The output is intended to be auditable, not magical.

## Installation

Install the runtime package:

```bash
pip install .
```

For development:

```bash
pip install -e .
```

## Runtime Tuning Knobs

Unified Core keeps browser capabilities installed by default. You can tune runtime cost and behavior with policy controls:

- `DOMVAULT_ENABLE_CAMOUFOX_FALLBACK`: enable or disable Camoufox fallback attempts.
- `DOMVAULT_ENABLE_PATCHRIGHT_FALLBACK`: enable or disable Patchright compatibility fallback.
- `DOMVAULT_CAMOUFOX_TIMEOUT_MS` and `DOMVAULT_PATCHRIGHT_TIMEOUT_MS`: bound browser escalation cost.
- `DOMVAULT_BACKEND_CAMOUFOX_HEADLESS` and `DOMVAULT_BACKEND_CAMOUFOX_VIRTUAL_DISPLAY`: control execution mode.
- `DOMVAULT_TRANSPORT_PROXY_PROTECTED_MODE` and related proxy settings: harden protected-target routing.

## Public API

DomVault exposes a stable top-level API. Consumers should not need to import from
internal modules for normal usage.

```python
from domvault import CaptureResult, SessionIdentity, extract

result: CaptureResult = extract(
    "https://example.com",
    selector="main",
    output_dir="_scraped_raw/example",
)

print(result.capture_status)
print(result.manifest_path)
print(result.target_profile)
```

Async usage:

```python
from domvault import extract_async

result = await extract_async(
    "https://example.com",
    selector="main",
    output_dir="_scraped_raw/example-async",
)
```

Primary public exports:

- `extract`
- `extract_async`
- `CaptureResult`
- `DomVaultManifest`
- `SessionIdentity`
- `SessionStore`
- `WarmSessionRecord`
- `RuntimeConfig`
- `ProxyOrchestrator`

## Output Model

The runtime writes a manifest and artifact bundle under the selected output directory.
Typical outputs include:

- `manifest.json`
- `structured-extraction.json`
- page HTML
- DOM snapshots
- computed styles
- hydration state
- shadow DOM coverage
- frame tree coverage
- anti-bot signals
- animation and token mapping artifacts

The `CaptureResult` returned by the API gives you the high-value runtime summary while
the manifest preserves the deeper artifact references.

## Environment Configuration

DomVault is configured through environment variables.

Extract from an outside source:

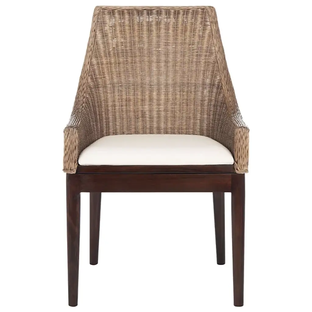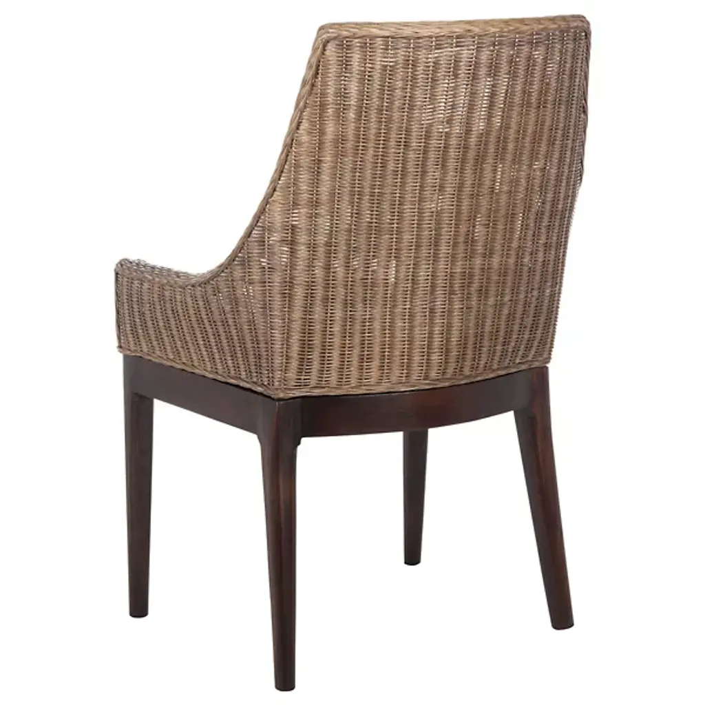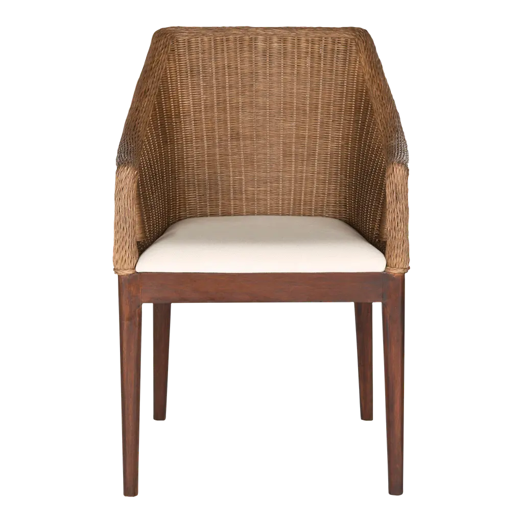 The Talita Sloping Dining Armchair from Alder & Ore embodies modern coastal chic and design fusion. Its classic sloping frame is beautifully transformed with finely woven rattan, creating an emblem of stylish comfort. The chair features slender mahogany wood legs, striking the perfect balance between classic and contemporary design. The soft white cushion, upholstered in cotton fabric and filled with foam, ensures elegance and comfort around your dining table. Crafted with a combination of rattan weave on the seat, the fabric and mahogany frame contrast nicely, elevating your space’s unique charm.

Important groups include:

### Identity

- `DOMVAULT_IDENTITY_STORAGE_ROOT`
- `DOMVAULT_IDENTITY_DEFAULT_LOCALE`
- `DOMVAULT_IDENTITY_DEFAULT_TIMEZONE`
- `DOMVAULT_IDENTITY_DEFAULT_ACCEPT_LANGUAGE`

### Transport And Proxy

- `DOMVAULT_TRANSPORT_HTTP_IMPERSONATION`
- `DOMVAULT_TRANSPORT_PROXY_PROVIDER`
- `DOMVAULT_TRANSPORT_PROXY_URL`
- `DOMVAULT_TRANSPORT_PROXY_COUNTRY`
- `DOMVAULT_TRANSPORT_PROXY_REQUIRE_LEASE`
- `DOMVAULT_TRANSPORT_PROXY_BLOCK_WEBRTC`

### Challenge Solvers

- `DOMVAULT_CHALLENGE_SOLVER_PROVIDER_ORDER`
- `DOMVAULT_CAPSOLVER_API_KEY`
- `DOMVAULT_2CAPTCHA_API_KEY`
- `DOMVAULT_CHALLENGE_SOLVER_TURNSTILE_ENABLED`
- `DOMVAULT_CHALLENGE_SOLVER_DATADOME_ENABLED`
- `DOMVAULT_CHALLENGE_SOLVER_KASADA_ENABLED`

### Warm Session Store

- `DOMVAULT_SESSION_STORE_ROOT`
- `DOMVAULT_SESSION_STORE_ENABLED`
- `DOMVAULT_SESSION_STORE_MAX_AGE_HOURS`

## Operational Notes

- Protected captures are expected to run with a real proxy strategy.
- Solver credentials must be injected through environment variables.
- Warm cache reuse is domain-scoped and identity-scoped.
- Unresolved or poisoned sessions are not silently reused.
- The package is strict-typed and validated with `mypy`, `ruff`, and pytest.

## Crawl4AI Worker

The isolated Crawl4AI worker is intentionally not bundled into the main runtime
environment because of dependency constraints around `lxml`. If you need the offline
worker, install `requirements-crawl4ai.txt` into a separate virtual environment and
set `DOMVAULT_CRAWL4AI_PYTHON` to that interpreter path.

## CLI

The package also exposes a CLI entrypoint:

```bash
domvault clone https://example.com --selector main --output _scraped_raw/example
```

The CLI is a thin wrapper around the same extraction pipeline used by the Python API.

## Release Standard

DomVault 3.0 is packaged with:

- a typed public API
- exact dependency pins
- manifest-first extraction outputs
- identity-aware challenge handling
- warm-session persistence for repeat domains

This package is meant for deterministic, explainable extraction under real production
pressure, not just best-effort scraping.